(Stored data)
┌──
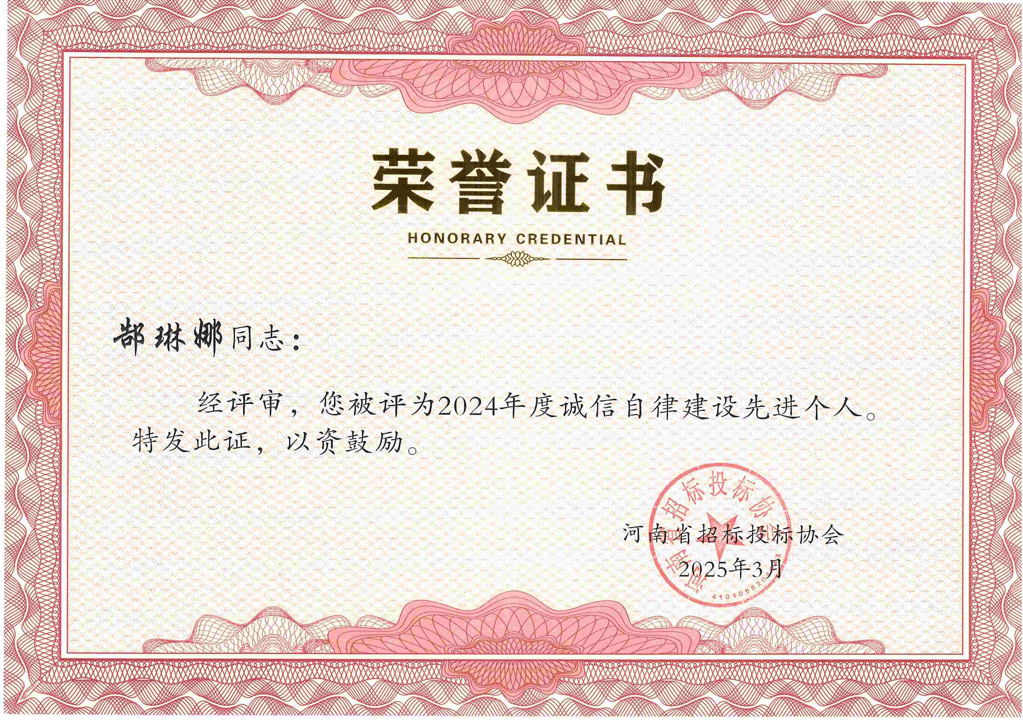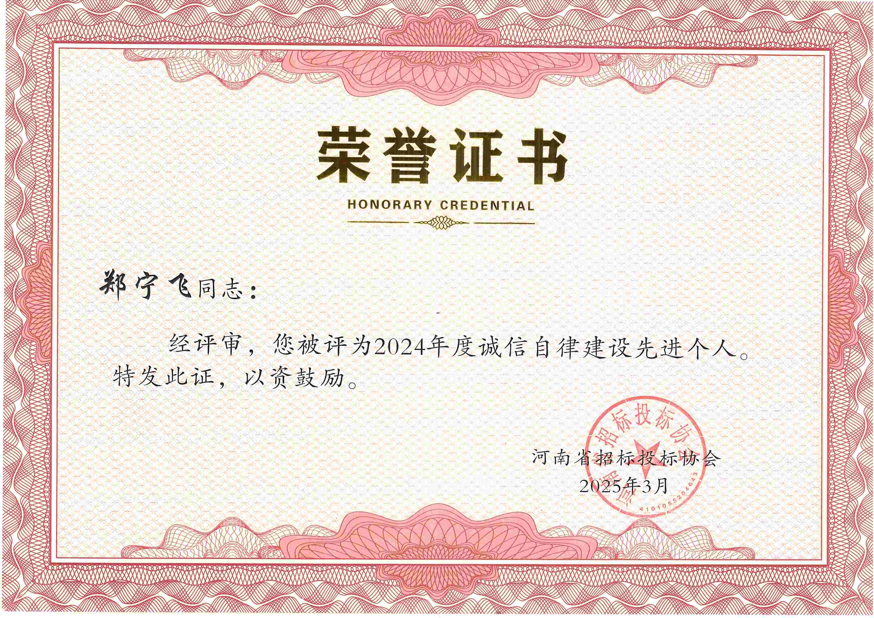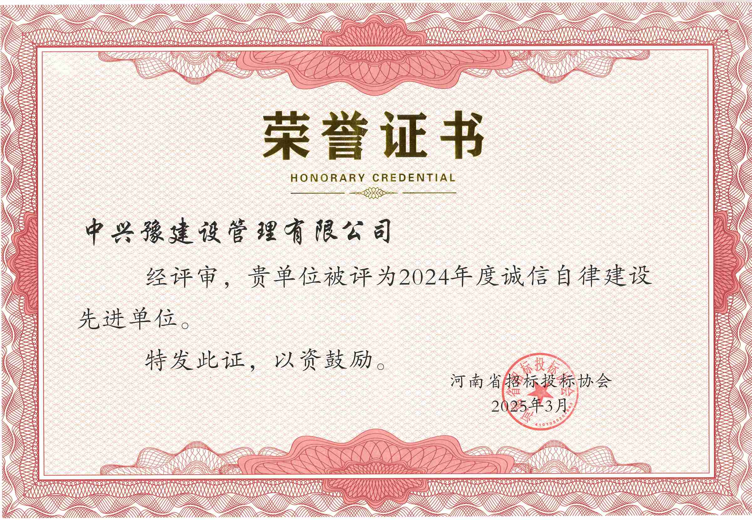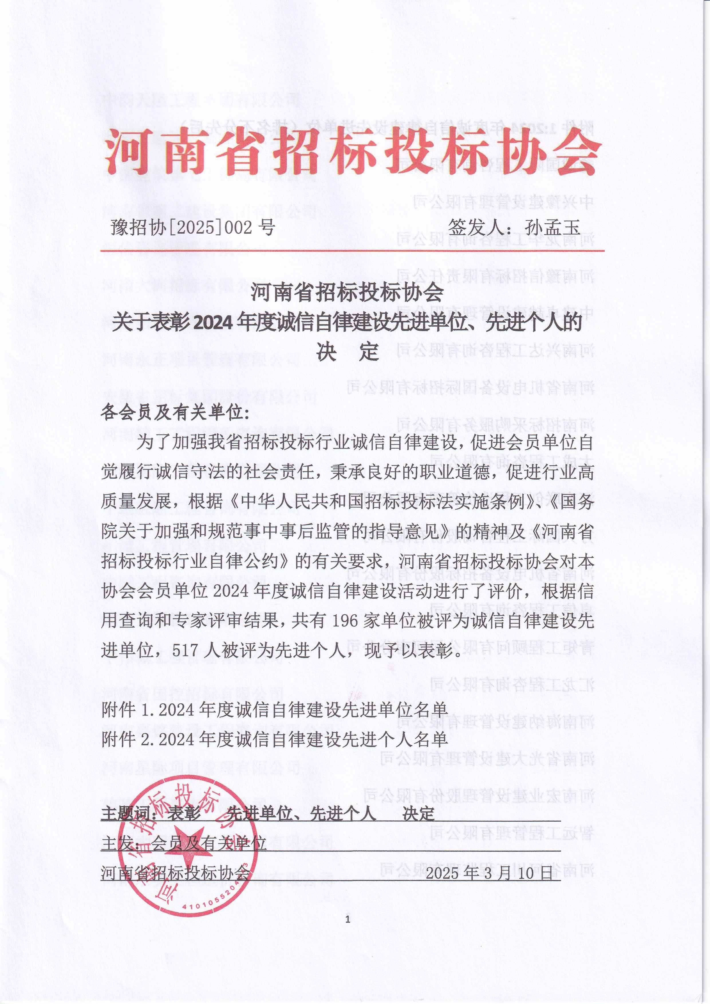 近日,河南省招標投標協(xié)會發(fā)布關于表彰2024年度誠信自律建設先進單位、先進個人的決定。其中,中興豫建設管理有限公司榮幸入選“2024年度誠信自律建設先進單位”。
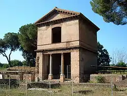 The Tomb of the Valerii (Italian: Sepolcro dei Valeri), which dates from the second half of the 2nd century AD, is a notable two-story brick structure. Its name is arbitrary and does not relate to the original occupants of the tomb. The part above ground has been almost entirely reconstructed and is noteworthy for a portico with two columns at the front. Beyond the entrance there is an area open to the sky from where two symmetrical staircases lead to the two underground burial chambers, which were originally richly decorated with slabs of marble.
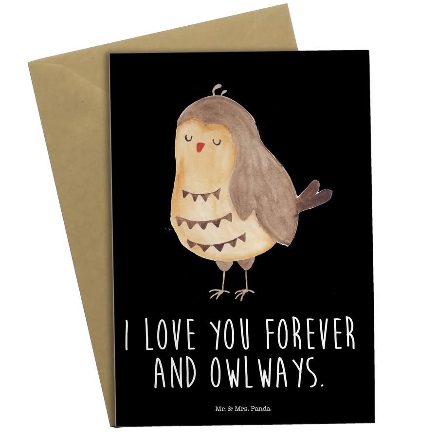 Die liebevolle Grußkarte Eule Zufrieden von Mr. & Mrs. Panda ist das perfekte Geschenk für all jene, die einer besonderen Person eine Freude machen möchten! Egal ob zum Geburtstag, Hochzeitstag oder einfach nur so - diese Karte enthält den zauberhaften Spruch "I love you forever and owlways" und wird garantiert für Herzklopfen sorgen. Mit einer niedlichen Eule, die zufrieden dasteht, bringt sie Freude in jedes Zuhause.
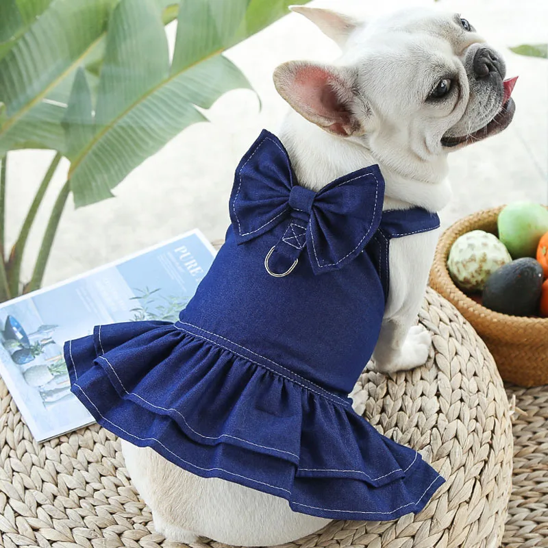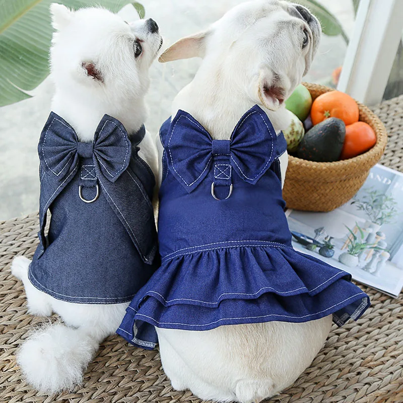 Ropa de mezclilla para perro Primavera Verano perro vestido arnés Bulldog francés Jeans gato BowTie sudaderas con capucha pequeños perros grandes York D-Ring falda
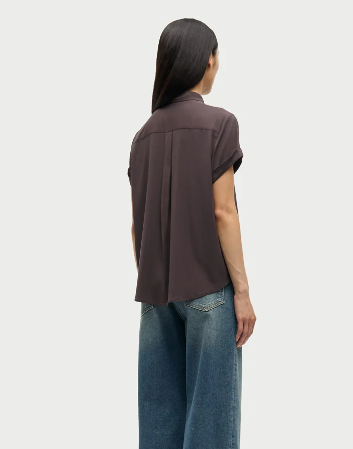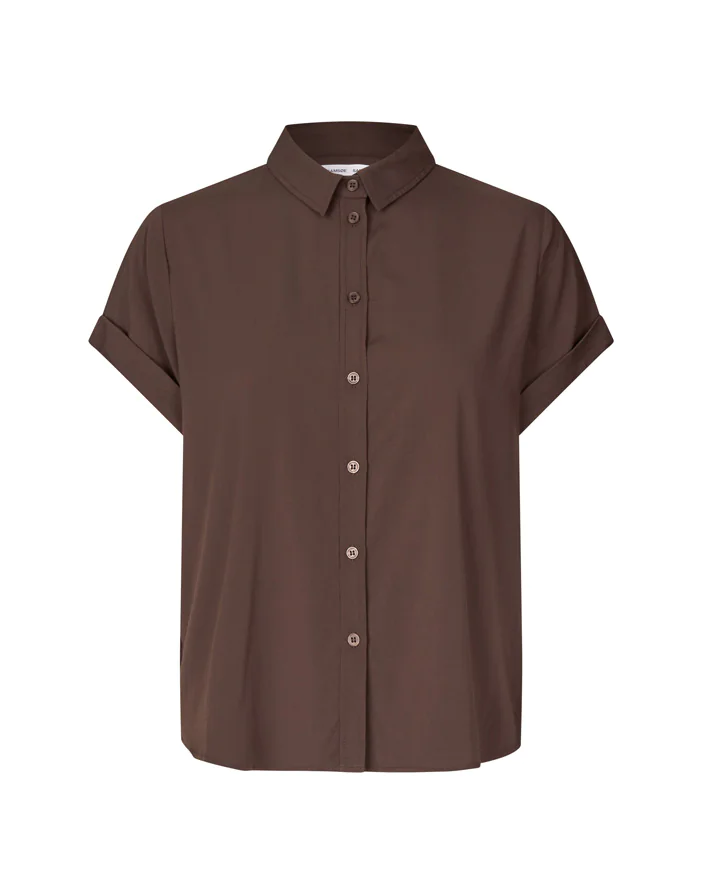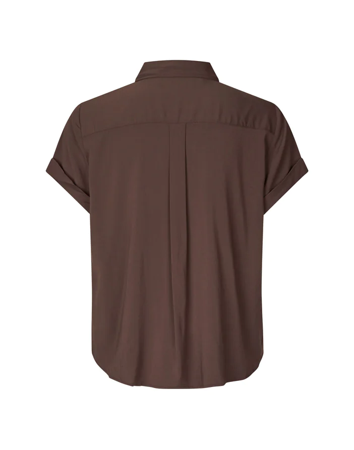 Majan Ss shirt Black Coffee is a classic womens short-sleeved shirt with a regular fit and button closure on the front. It features a neck yoke seam with pleated detailing. The main material is made from an elastic LENZING™ ECOVERO™ Viscose, certified with the EU Ecolabel for meeting high environmental standards.
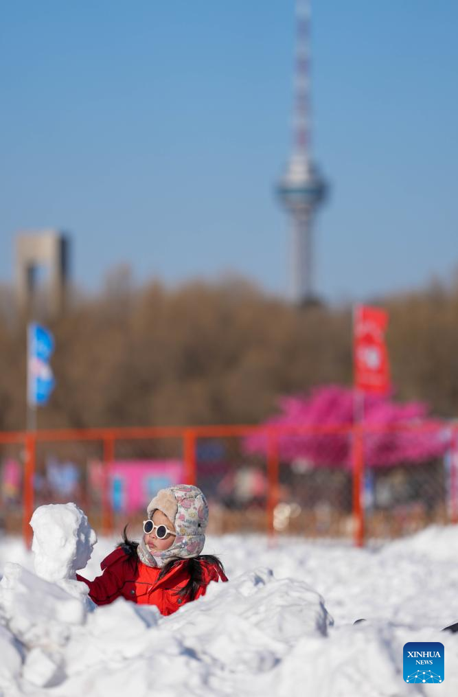 A child builds a snowman at a park in Changchun, northeast China's Jilin Province, Jan. 5, 2026. Changchun has set up a variety of distinctive ice and snow landscapes throughout urban areas this winter to lure tourists and encourage consumption. (Xinhua/Yan Linyun)
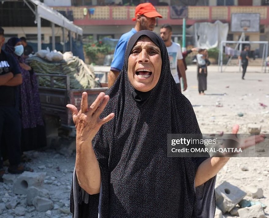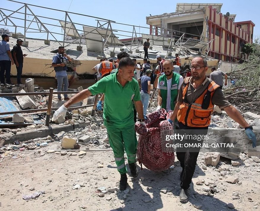 A number of displaced Palestinians were killed after the bombing of a school in Gaza city. By @omarelqattaa شهداء في قصف مدرسة في مدينة غزة
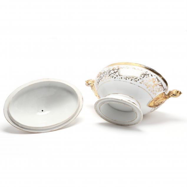 From the Collection of Winslow Goins, Rocky Mount, North Carolina Some cups do not have an gilt interior: plates are without chips or hairlines but many have wear to the gilt especially the center flower and gilt bands,
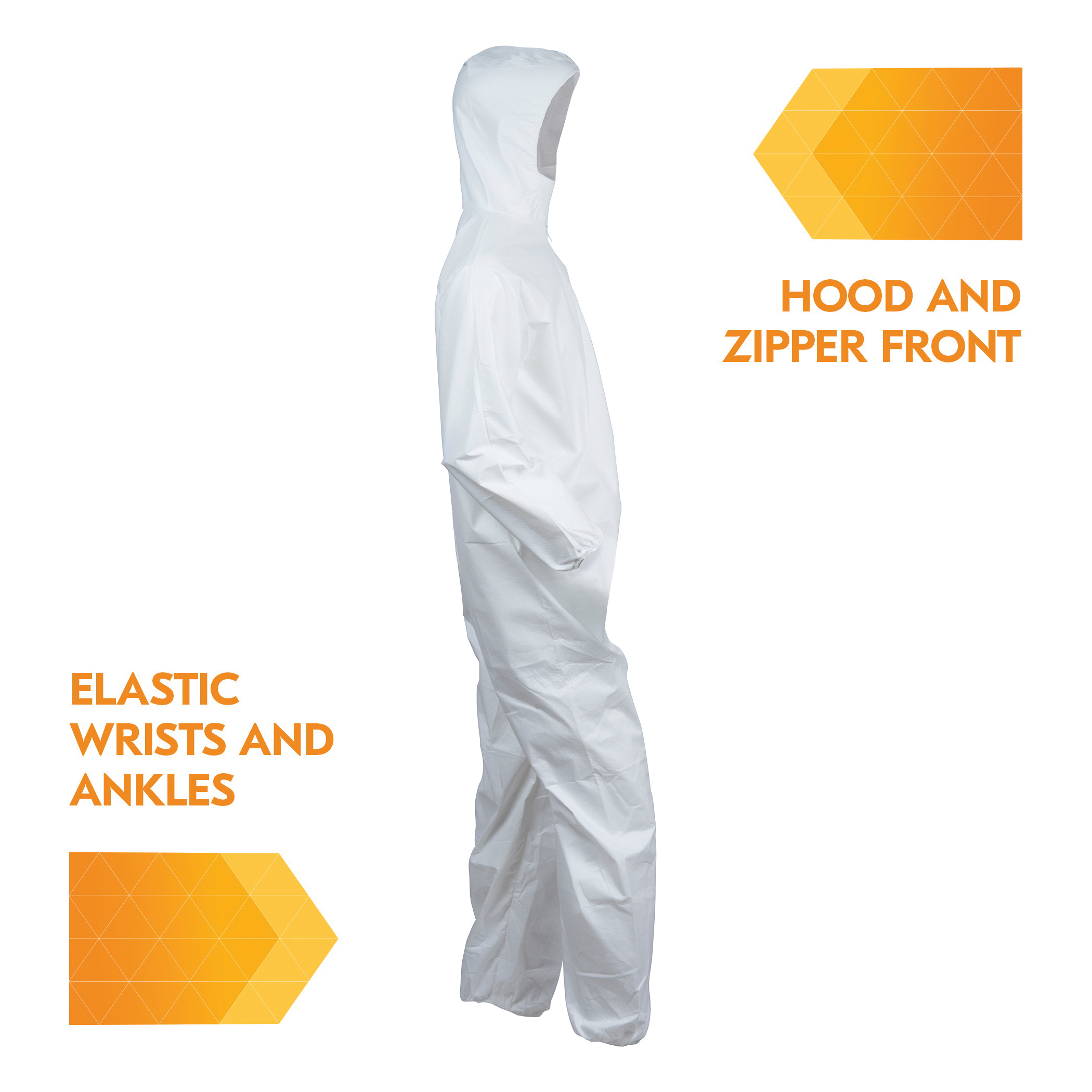 KleenGuard 44324 A40 Liquid Particle Protection Disposable Coverall, XL, White, Microporous Film Laminate, 26-1/2 in Chest, 38-1/2 in L Inseam
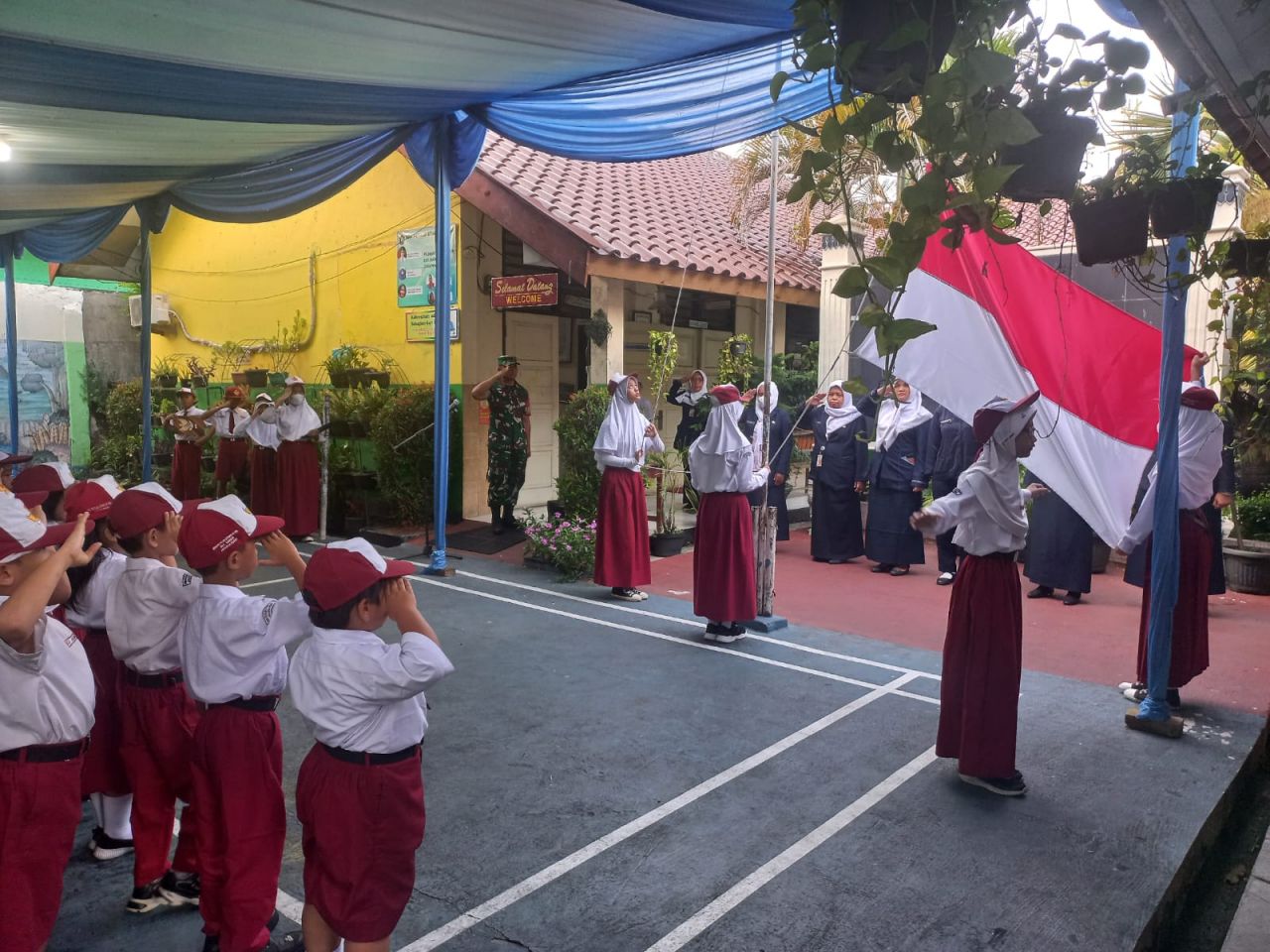 Perkokoh Nilai Nilai Pancasila Babinsa Koramil 04 Gambir/0501 JP Pimpin Upacara Bendera di SDN 01 Petojo Gambir
└──
With the pictures left out, return each entry exactly as written.

 近日,河南省招標投標協(xié)會發(fā)布關于表彰2024年度誠信自律建設先進單位、先進個人的決定。其中,中興豫建設管理有限公司榮幸入選“2024年度誠信自律建設先進單位”。
 The Tomb of the Valerii (Italian: Sepolcro dei Valeri), which dates from the second half of the 2nd century AD, is a notable two-story brick structure. Its name is arbitrary and does not relate to the original occupants of the tomb. The part above ground has been almost entirely reconstructed and is noteworthy for a portico with two columns at the front. Beyond the entrance there is an area open to the sky from where two symmetrical staircases lead to the two underground burial chambers, which were originally richly decorated with slabs of marble.
 Die liebevolle Grußkarte Eule Zufrieden von Mr. & Mrs. Panda ist das perfekte Geschenk für all jene, die einer besonderen Person eine Freude machen möchten! Egal ob zum Geburtstag, Hochzeitstag oder einfach nur so - diese Karte enthält den zauberhaften Spruch "I love you forever and owlways" und wird garantiert für Herzklopfen sorgen. Mit einer niedlichen Eule, die zufrieden dasteht, bringt sie Freude in jedes Zuhause.
 Ropa de mezclilla para perro Primavera Verano perro vestido arnés Bulldog francés Jeans gato BowTie sudaderas con capucha pequeños perros grandes York D-Ring falda
 Majan Ss shirt Black Coffee is a classic womens short-sleeved shirt with a regular fit and button closure on the front. It features a neck yoke seam with pleated detailing. The main material is made from an elastic LENZING™ ECOVERO™ Viscose, certified with the EU Ecolabel for meeting high environmental standards.
 A child builds a snowman at a park in Changchun, northeast China's Jilin Province, Jan. 5, 2026. Changchun has set up a variety of distinctive ice and snow landscapes throughout urban areas this winter to lure tourists and encourage consumption. (Xinhua/Yan Linyun)
 A number of displaced Palestinians were killed after the bombing of a school in Gaza city. By @omarelqattaa شهداء في قصف مدرسة في مدينة غزة
 From the Collection of Winslow Goins, Rocky Mount, North Carolina Some cups do not have an gilt interior: plates are without chips or hairlines but many have wear to the gilt especially the center flower and gilt bands,
 KleenGuard 44324 A40 Liquid Particle Protection Disposable Coverall, XL, White, Microporous Film Laminate, 26-1/2 in Chest, 38-1/2 in L Inseam
 Perkokoh Nilai Nilai Pancasila Babinsa Koramil 04 Gambir/0501 JP Pimpin Upacara Bendera di SDN 01 Petojo Gambir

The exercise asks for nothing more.